Exercise brief: For this exercise, write each entry below out precisely and omit the pictures.

Dataset records:
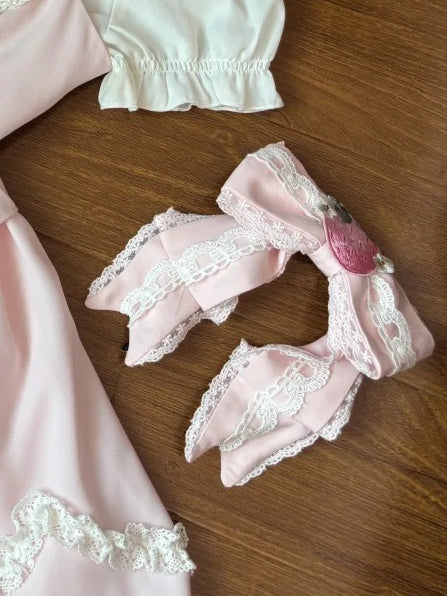 ピンクと白のオールドスクールロリータファッションドレス、蝶結びディテール、ロリータJSKセット
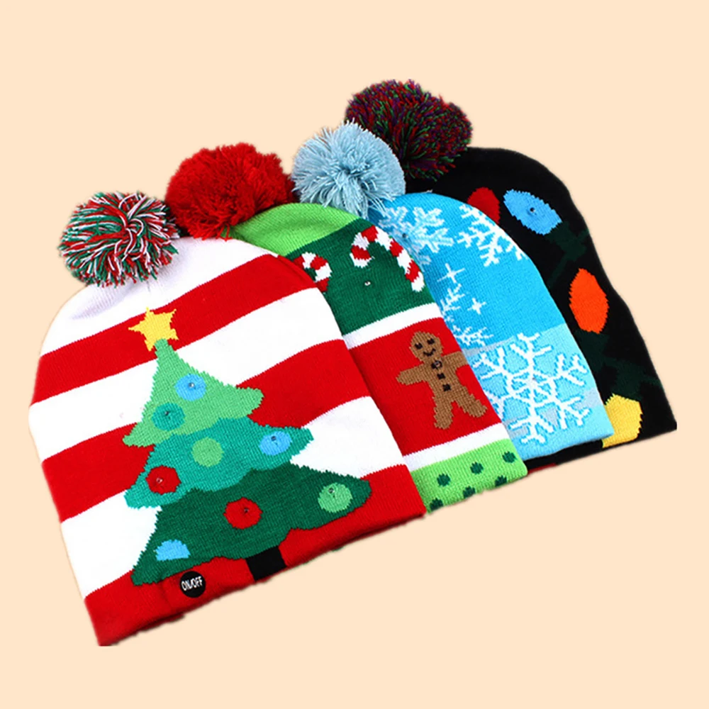 Светодиодная рождественская шапка, свитер, вязаная шапка со светящимся рисунком, рождественский подарок для детей, новогоднее рождественское украшение, теплая шапка
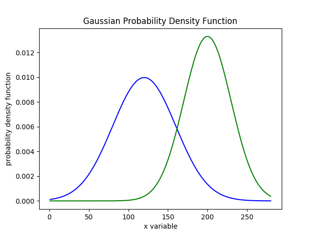 回到定位问题上,假设我们有一个先验的高斯概率密度函数为$f(x)$,其均值和方差分别为(mu=120, sigma=40),校验因子的概率密度函数为$g(x)$,其均值和方差分别为(mu=200,sigma=30),如下图所示
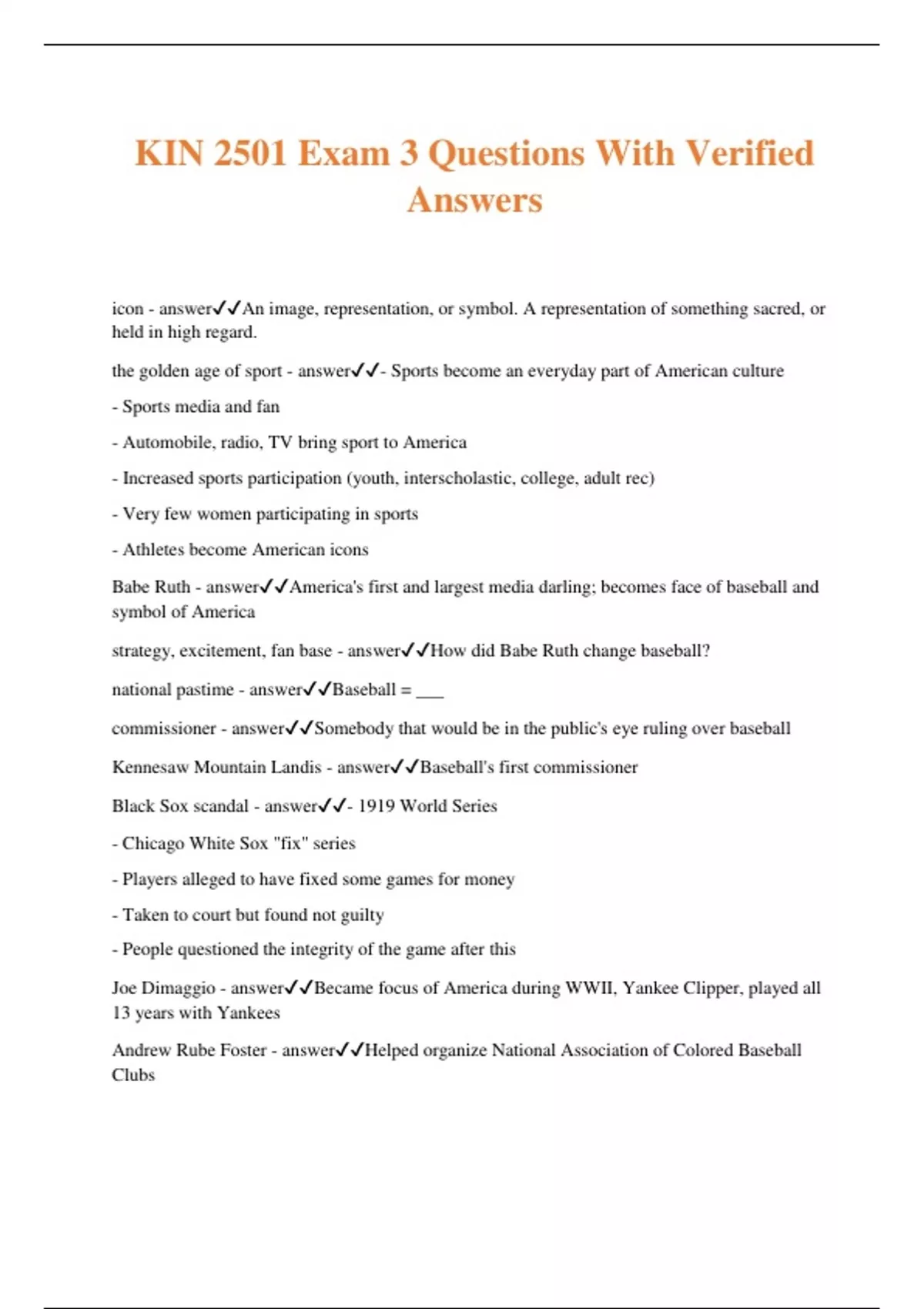 KIN 2501 Exam 3 Questions With Verified Answers icon - answerAn image, representation, or symbol. A representation of something sacred, or held in high regard. the golden age of sport - answer- Sports become an everyday part of American culture - Sports media and fan - Automobile, radio, TV bring sport to America - Increased sports participation (youth, interscholastic, college, adult rec) - Very few women participating in sports - Athletes become American icons Babe Ruth - answerAmerica's first and largest media darling; becomes face of baseball and symbol of America strategy, excitement, fan base - answerHow did Babe Ruth change baseball? national pastime - answerBaseball = ___ commissioner - answerSomebody that would be in the public's eye ruling over baseball Kennesaw Mountain Landis - answerBaseball's first commissioner Black Sox scandal - answer- 1919 World Series - Chicago White Sox "fix" series - Players alleged to have fixed some games for money - Taken to court but found not guilty - People questioned the integrity of the game after this Joe Dimaggio - answerBecame focus of America during WWII, Yankee Clipper, played all 13 years with Yankees Andrew Rube Foster - answerHelped organize National Association of Colored Baseball Clubs Andrew Rube Foster - answerFather of black baseball Josh Gibson - answerCatcher, very good hitter, compared to Babe Ruth Satchel Paige - answerVery good pitcher, tall and lanky, worked in a railroad station and when men got off the train he would carry their satchel in exchange for a nickel female sports in the early 1900's - answer- Few opportunities - Basketball, softball, tennis - Beliefs about "negative health implications" of vigorous PA for women - Female PE leaders discourage interscholastic and competitive sports for girls Babe Didrikson - answerThe most significant female athlete of the first half of the 20th century college - answerFootball is established as the ___ sport Rose - answer___ bowl was the first game in 1902 US military - answer___ evolve into football powers Notre Dame - answer___ becomes "America's team" forward pass - answerNotre Dame defeated the Army using the ___ Knute Rockne - answerPromotes Notre Dame via the press, later hired to coach at Notre Dame, tried to implement the forward pass (not many people used it because it was a high risk play) Jim Thorpe - answerPresident of American Professional Football League George Halas - answer___ buys Decator Illinois team, moves it to Chicago Red Grange - answerStars at the University of Illinois, best known college football player of the time, signed with the Bears, beginning of pro football legitimized basketball in the early 1900's - answer- Spread by the YMCA (so learned by kids) - Becomes associated with scholastic sport (high school sport) - By 1905, 80 colleges field teams basketball, 2nd - answerBy WWI, ___ is the most popular high school sport and ___ to football at the college level. Adolph Rupp - answer- Coaches 1st game at Kentucky - His teams wow crowds with up-tempo, fast break style.
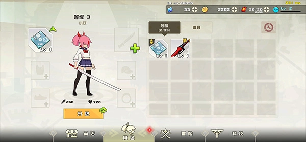 5、也能进入角色界面,给人物升级,增强基础属性,让后面的关卡更容易通过。
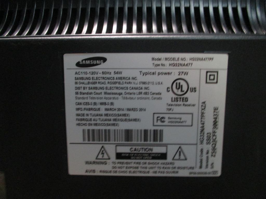 Get a great deal with this online auction presented by PropertyRoom.com on behalf of a law enforcement or public agency client. Model: HG32NA477PF Screen Size: 32" Date of Manufacture: March 2014 Measurements: height 17", width 29", length 5" Base: no Remote Control: no Power Cord: no Physical Condition: good condition, stand damaged, dirty, scratches, nicks Testing Results: Item was tested for power only and it powered on, displayed menu. Input and output ports were not tested and may be non-functional. Item is sold "As Is".
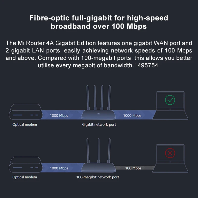 Xiaomi Mi Router 4A Gigabit Edition 1000M 2,4 GHz 5GHz WiFi ROM 16MB DDR3 64MB 128MB с высоким коэффициентом усиления 4 антенны дистанционное управление приложениемПриложение поддерживает только китайский и английский языки, а Xiaomi Mi WiFi Router 4A Gigabit Version-китайская версияОсобенности:-128 МБ большой памяти, поддержка 128 максимальное подключение к терминальным устройствам-Поддержка двух диапазонов 2,4 ГГц 5,0 ГГц с максимальной скоростью 1167 Мбит/с-4 антенны сильный сигнал широкий охват быстрая передача-Интегрированный с PA (усилитель мощности) и LNA (усилитель низкого шума) повышает мощность передачи сигнала и чувствительность.-Управляйте настройками сети через приложение MiWiFi на платформе Android и iOS-Двойной чип рассеивания тепла для повышения стабильности работыИнструкции по использованию:1. Найдите и загрузите приложение ldquoMi Wi-Firdquo в Google Play или APP Store.2. Включите маршрутизатор и откройте Wi-Fi (на телефоне) для подключения маршрутизатора.3. 1) Создайте скидку Mi, затем Войдите в свою скидку;2) Следуйте инструкциям по эксплуатации, нажмите rdquoDial-up» для ввода вашей учетной записи сети и пароль;3) Нажмите ldquoMore Optionsrdquo, Завершите работу основной базовой станции (Установите новое имя сети и пароль).4. Откройте приложение, Завершите настройку WiFi.Технические характеристики:Бренд: XiaomiМодель: Mi Router 4A (гигабитная версия)Цвет: белыйМатериал: АБС + ПоликарбонатРазмер изделия: прибл. 20,1*12,2*17,4 см/7,91*4,80 * 6.85inВес изделия: прибл. 250 г/8,82 унцийРазмер упаковки: прибл. 30*20*5 см/11,81*7,87 * 1.97inОбщий вес: прибл. 550 г/19,40 унцийАппаратная конфигурацияПроцессор: MT7621A MIPS 880 МГц двухъядерныйВнутренняя память: 16MBОперативная память: 128 МбХранение: нет2,4G WiFi: 2*2 (поддержка IEEE802.11n, Макс 300 Мбит/с)5,0G WiFi: 2*2 (поддержка IEEE802.11ac, Макс 867 Мбит/с)Антенна: вечная всенаправленная 4 антенныСистема охлаждения: натуральныйИнтерфейсLAN порты: 2x10/100/1000M Auto MDI/MDIXПорты WAN: 1x10/100/1000M Auto MDI/MDIX2 * светодиодный индикатор1 * Кнопка сброса1 * Потребляемая мощностьБеспроводной параметрыДва диапазона: 2,4 ГГц, 5,0 ГГцБеспроводной канал:Канал 2,4 ГГц: 1,2,3,4,5,6,7,8,9,10,11,12,135 ГГц канал: 36,40,44,48, 149153157161165Модуляция: 11b : DSSS: DBPSK(1 Мбит/с),DQPSK(2 Мбит/с),CCK (5,5/11 Мбит/с)11a/g : OFDM:BPSK Нью-Йорк (6/9 Мбит/с),QPSK(12/18 Мбит/с),16QAM Нью-Йорк (24/36 Мбит/с),64QAM(48/54 Мбит/с)11n : MIMO-OFDM:BPSK,QPSK,16QAM,64QAM, 256QAMБеспроводная безопасность: шифрование WPA-PSK / WPA2-PSK2, управление беспроводным доступом (черный список), скрытие SSID, интеллектуальная сеть против потертостейНастройка программного обеспеченияОС: Глубина настройки на основе интеллектуального маршрутизатора OpenWRT операционная система MiWiFi ROMПоддерживаемые языки: китайскийЯзык приложения: китайский, английскийПоддержка: веб, Android, iOS Вопросы и ответы:Роутер Xiaomi поддерживает IPTV,L2TP DSL и PPPOE?Нет, не поддерживайте.

Answer area:
 ピンクと白のオールドスクールロリータファッションドレス、蝶結びディテール、ロリータJSKセット
 Светодиодная рождественская шапка, свитер, вязаная шапка со светящимся рисунком, рождественский подарок для детей, новогоднее рождественское украшение, теплая шапка
 回到定位问题上,假设我们有一个先验的高斯概率密度函数为$f(x)$,其均值和方差分别为(mu=120, sigma=40),校验因子的概率密度函数为$g(x)$,其均值和方差分别为(mu=200,sigma=30),如下图所示
 KIN 2501 Exam 3 Questions With Verified Answers icon - answerAn image, representation, or symbol. A representation of something sacred, or held in high regard. the golden age of sport - answer- Sports become an everyday part of American culture - Sports media and fan - Automobile, radio, TV bring sport to America - Increased sports participation (youth, interscholastic, college, adult rec) - Very few women participating in sports - Athletes become American icons Babe Ruth - answerAmerica's first and largest media darling; becomes face of baseball and symbol of America strategy, excitement, fan base - answerHow did Babe Ruth change baseball? national pastime - answerBaseball = ___ commissioner - answerSomebody that would be in the public's eye ruling over baseball Kennesaw Mountain Landis - answerBaseball's first commissioner Black Sox scandal - answer- 1919 World Series - Chicago White Sox "fix" series - Players alleged to have fixed some games for money - Taken to court but found not guilty - People questioned the integrity of the game after this Joe Dimaggio - answerBecame focus of America during WWII, Yankee Clipper, played all 13 years with Yankees Andrew Rube Foster - answerHelped organize National Association of Colored Baseball Clubs Andrew Rube Foster - answerFather of black baseball Josh Gibson - answerCatcher, very good hitter, compared to Babe Ruth Satchel Paige - answerVery good pitcher, tall and lanky, worked in a railroad station and when men got off the train he would carry their satchel in exchange for a nickel female sports in the early 1900's - answer- Few opportunities - Basketball, softball, tennis - Beliefs about "negative health implications" of vigorous PA for women - Female PE leaders discourage interscholastic and competitive sports for girls Babe Didrikson - answerThe most significant female athlete of the first half of the 20th century college - answerFootball is established as the ___ sport Rose - answer___ bowl was the first game in 1902 US military - answer___ evolve into football powers Notre Dame - answer___ becomes "America's team" forward pass - answerNotre Dame defeated the Army using the ___ Knute Rockne - answerPromotes Notre Dame via the press, later hired to coach at Notre Dame, tried to implement the forward pass (not many people used it because it was a high risk play) Jim Thorpe - answerPresident of American Professional Football League George Halas - answer___ buys Decator Illinois team, moves it to Chicago Red Grange - answerStars at the University of Illinois, best known college football player of the time, signed with the Bears, beginning of pro football legitimized basketball in the early 1900's - answer- Spread by the YMCA (so learned by kids) - Becomes associated with scholastic sport (high school sport) - By 1905, 80 colleges field teams basketball, 2nd - answerBy WWI, ___ is the most popular high school sport and ___ to football at the college level. Adolph Rupp - answer- Coaches 1st game at Kentucky - His teams wow crowds with up-tempo, fast break style.
 5、也能进入角色界面,给人物升级,增强基础属性,让后面的关卡更容易通过。
 Get a great deal with this online auction presented by PropertyRoom.com on behalf of a law enforcement or public agency client. Model: HG32NA477PF Screen Size: 32" Date of Manufacture: March 2014 Measurements: height 17", width 29", length 5" Base: no Remote Control: no Power Cord: no Physical Condition: good condition, stand damaged, dirty, scratches, nicks Testing Results: Item was tested for power only and it powered on, displayed menu. Input and output ports were not tested and may be non-functional. Item is sold "As Is".
 Xiaomi Mi Router 4A Gigabit Edition 1000M 2,4 GHz 5GHz WiFi ROM 16MB DDR3 64MB 128MB с высоким коэффициентом усиления 4 антенны дистанционное управление приложениемПриложение поддерживает только китайский и английский языки, а Xiaomi Mi WiFi Router 4A Gigabit Version-китайская версияОсобенности:-128 МБ большой памяти, поддержка 128 максимальное подключение к терминальным устройствам-Поддержка двух диапазонов 2,4 ГГц 5,0 ГГц с максимальной скоростью 1167 Мбит/с-4 антенны сильный сигнал широкий охват быстрая передача-Интегрированный с PA (усилитель мощности) и LNA (усилитель низкого шума) повышает мощность передачи сигнала и чувствительность.-Управляйте настройками сети через приложение MiWiFi на платформе Android и iOS-Двойной чип рассеивания тепла для повышения стабильности работыИнструкции по использованию:1. Найдите и загрузите приложение ldquoMi Wi-Firdquo в Google Play или APP Store.2. Включите маршрутизатор и откройте Wi-Fi (на телефоне) для подключения маршрутизатора.3. 1) Создайте скидку Mi, затем Войдите в свою скидку;2) Следуйте инструкциям по эксплуатации, нажмите rdquoDial-up» для ввода вашей учетной записи сети и пароль;3) Нажмите ldquoMore Optionsrdquo, Завершите работу основной базовой станции (Установите новое имя сети и пароль).4. Откройте приложение, Завершите настройку WiFi.Технические характеристики:Бренд: XiaomiМодель: Mi Router 4A (гигабитная версия)Цвет: белыйМатериал: АБС + ПоликарбонатРазмер изделия: прибл. 20,1*12,2*17,4 см/7,91*4,80 * 6.85inВес изделия: прибл. 250 г/8,82 унцийРазмер упаковки: прибл. 30*20*5 см/11,81*7,87 * 1.97inОбщий вес: прибл. 550 г/19,40 унцийАппаратная конфигурацияПроцессор: MT7621A MIPS 880 МГц двухъядерныйВнутренняя память: 16MBОперативная память: 128 МбХранение: нет2,4G WiFi: 2*2 (поддержка IEEE802.11n, Макс 300 Мбит/с)5,0G WiFi: 2*2 (поддержка IEEE802.11ac, Макс 867 Мбит/с)Антенна: вечная всенаправленная 4 антенныСистема охлаждения: натуральныйИнтерфейсLAN порты: 2x10/100/1000M Auto MDI/MDIXПорты WAN: 1x10/100/1000M Auto MDI/MDIX2 * светодиодный индикатор1 * Кнопка сброса1 * Потребляемая мощностьБеспроводной параметрыДва диапазона: 2,4 ГГц, 5,0 ГГцБеспроводной канал:Канал 2,4 ГГц: 1,2,3,4,5,6,7,8,9,10,11,12,135 ГГц канал: 36,40,44,48, 149153157161165Модуляция: 11b : DSSS: DBPSK(1 Мбит/с),DQPSK(2 Мбит/с),CCK (5,5/11 Мбит/с)11a/g : OFDM:BPSK Нью-Йорк (6/9 Мбит/с),QPSK(12/18 Мбит/с),16QAM Нью-Йорк (24/36 Мбит/с),64QAM(48/54 Мбит/с)11n : MIMO-OFDM:BPSK,QPSK,16QAM,64QAM, 256QAMБеспроводная безопасность: шифрование WPA-PSK / WPA2-PSK2, управление беспроводным доступом (черный список), скрытие SSID, интеллектуальная сеть против потертостейНастройка программного обеспеченияОС: Глубина настройки на основе интеллектуального маршрутизатора OpenWRT операционная система MiWiFi ROMПоддерживаемые языки: китайскийЯзык приложения: китайский, английскийПоддержка: веб, Android, iOS Вопросы и ответы:Роутер Xiaomi поддерживает IPTV,L2TP DSL и PPPOE?Нет, не поддерживайте.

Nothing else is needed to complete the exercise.